El examen del movimiento de los párpados de cualquier durmiente ha demostrado hace tiempos que todos, al menos en algunos períodos de nuestro reposo, solemos soñar. El experimento ha resultado positivo asimismo en ciertas especies mamíferas, como el perro o el gato. Este último, conforme lo señalan las comprobaciones más recientes, sueña el triple que el ser humano.
Tales experimentaciones —recordémoslo a título informativo— se iniciaron en 1953, cuando Eugen Aserinsky observó en un niño episodios de movimientos oculares durante el sueño. Resulta asombroso, por lo demás, que tal circunstancia, apenas entonces conocida por la ciencia, la hubiera incorporado Marcel Proust en sus novelas, cuando describió el sueño de Albertine. Cinco años después, William Dement, examinando esos movimientos, expuso una teoría según la cual el soñar ocupa períodos de veinte a veinticinco minutos, separados por intervalos de noventa.
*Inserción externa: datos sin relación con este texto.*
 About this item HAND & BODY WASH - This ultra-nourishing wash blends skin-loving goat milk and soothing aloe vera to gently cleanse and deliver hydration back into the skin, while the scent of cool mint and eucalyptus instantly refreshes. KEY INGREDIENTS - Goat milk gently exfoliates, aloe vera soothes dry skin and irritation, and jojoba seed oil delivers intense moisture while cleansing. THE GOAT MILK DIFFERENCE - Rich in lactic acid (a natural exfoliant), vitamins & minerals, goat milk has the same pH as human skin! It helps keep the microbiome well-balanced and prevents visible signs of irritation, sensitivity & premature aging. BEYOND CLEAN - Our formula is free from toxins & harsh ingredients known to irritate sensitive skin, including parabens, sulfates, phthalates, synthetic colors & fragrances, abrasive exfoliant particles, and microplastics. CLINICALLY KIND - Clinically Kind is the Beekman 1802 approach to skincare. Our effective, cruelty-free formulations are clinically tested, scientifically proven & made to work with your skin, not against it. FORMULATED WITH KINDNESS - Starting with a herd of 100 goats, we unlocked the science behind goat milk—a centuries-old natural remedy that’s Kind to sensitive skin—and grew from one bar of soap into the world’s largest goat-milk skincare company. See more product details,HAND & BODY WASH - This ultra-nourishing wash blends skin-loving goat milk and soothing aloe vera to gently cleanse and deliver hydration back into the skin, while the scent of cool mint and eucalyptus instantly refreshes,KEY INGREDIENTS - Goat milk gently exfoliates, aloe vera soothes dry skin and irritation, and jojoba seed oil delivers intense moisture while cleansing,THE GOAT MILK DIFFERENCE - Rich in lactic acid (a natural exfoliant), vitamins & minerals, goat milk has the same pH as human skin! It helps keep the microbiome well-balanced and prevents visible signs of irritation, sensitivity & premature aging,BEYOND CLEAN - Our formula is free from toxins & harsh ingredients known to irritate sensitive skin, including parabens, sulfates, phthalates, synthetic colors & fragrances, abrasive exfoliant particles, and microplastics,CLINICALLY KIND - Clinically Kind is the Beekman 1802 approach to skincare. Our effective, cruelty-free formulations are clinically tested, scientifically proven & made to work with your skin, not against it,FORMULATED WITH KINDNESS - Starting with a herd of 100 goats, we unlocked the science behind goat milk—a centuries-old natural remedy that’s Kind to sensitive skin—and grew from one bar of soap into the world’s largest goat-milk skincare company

Según las investigaciones de la segunda mitad del siglo XX, como los neurotransmisores que permiten la vigilia se dedican todo el tiempo a romper las moléculas de glucógeno —lo cual produce fatiga cerebral—, es preciso que sobrevenga el dormí para permitir al cerebro rehacer su energía. Ello, según esos investigadores, toma noventa minutos, al cabo de los cuales el cerebro ha estabilizado su temperatura interna. Es entonces, dicen, cuando se da comienzo a la fase de los sueños, en la cual distinguen dos estados: el sueño de ondas lentas y el sueño con actividad rápida cortical.
Por lo que toca conmigo, la experiencia me indica que jamás he despertado sin recordar que soñaba. Ello incluso cuando soy devuelto en forma brusca a la conciencia. O bien cuando despabilo un sueño de sólo segundos: al despertar, me quedan en la mente residuos de la confusión de una visión onírica.
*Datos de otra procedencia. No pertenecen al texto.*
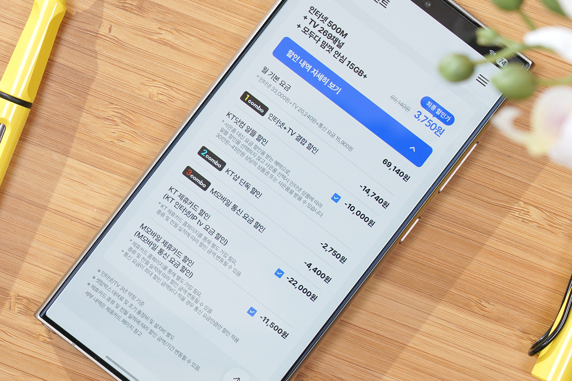 33,000원(인터넷) + 20,240원(IPTV) + 15,900원(모바일) = 69,140원

He tenido siempre la impresión de que soñamos durante todo el tiempo que permanecemos dormidos. En esto puedo, claro, encontrarme equivocado. Las ensoñaciones que recordamos no son, sin embargo, las más nítidas o intensas o brutales, sino aquéllas que preceden en forma inmediata al despertar. Algunos, por algún motivo cerebral, ni siquiera guardan memoria de estas últimas, y son los que sostienen a brazo partido no soñar jamás.
Por otra parte, está demostrado —lo respalda Delage— que esas visiones del sueño profundo, de mucho antes del despertar, por igual pueden acudimos a la memoria consciente (en el inconsciente su registro ha permanecido en latencia, sin duda alguna) si algún hecho o percepción de la vida real las resorta de súbito. Esta reviviscencia, se ha dicho, no acostumbra obtenerse merced a un esfuerzo de la voluntad, sino por un mecanismo espontáneo activado por algún hecho repentino.
A nadie, pues, falta esa «bahía mágica» en la cual nos confrontamos con nosotros mismos, nos revelamos en la desnudez de nuestro espíritu, vivimos aventuras descabaladas, invocamos los resortes secretos de nuestro ser, activamos nuestros deseos o temores más arcanos y hasta en algunos casos —como ciertas investigaciones parecen señalarlo— desciframos las líneas de nuestro futuro.
Tanto la ciencia como la filosofía y las artes han venido ocupándose desde la antigüedad de ese fenómeno de la imaginación en el cual muchos de los humanos experimentamos una suerte de vida paralela. Aristóteles, Macrobio, Tertuliano, se ocuparon de él. Pero no resulta fácil acceder a conclusiones más o menos apodícticas sobre el particular. A lo largo del presente libro trataré de mostrar algunas de las hipótesis más relevantes planteadas acerca de los sueños, así como mis propias ideas. Tal vez su encadenamiento, tal como también la exposición de algunas de las más raras experiencias mías y ajenas en el mundo onírico, puedan conducirnos a esclarecer un poco la índole y la sinrazón de un fenómeno que acaso llene la tercera parte de nuestra existencia.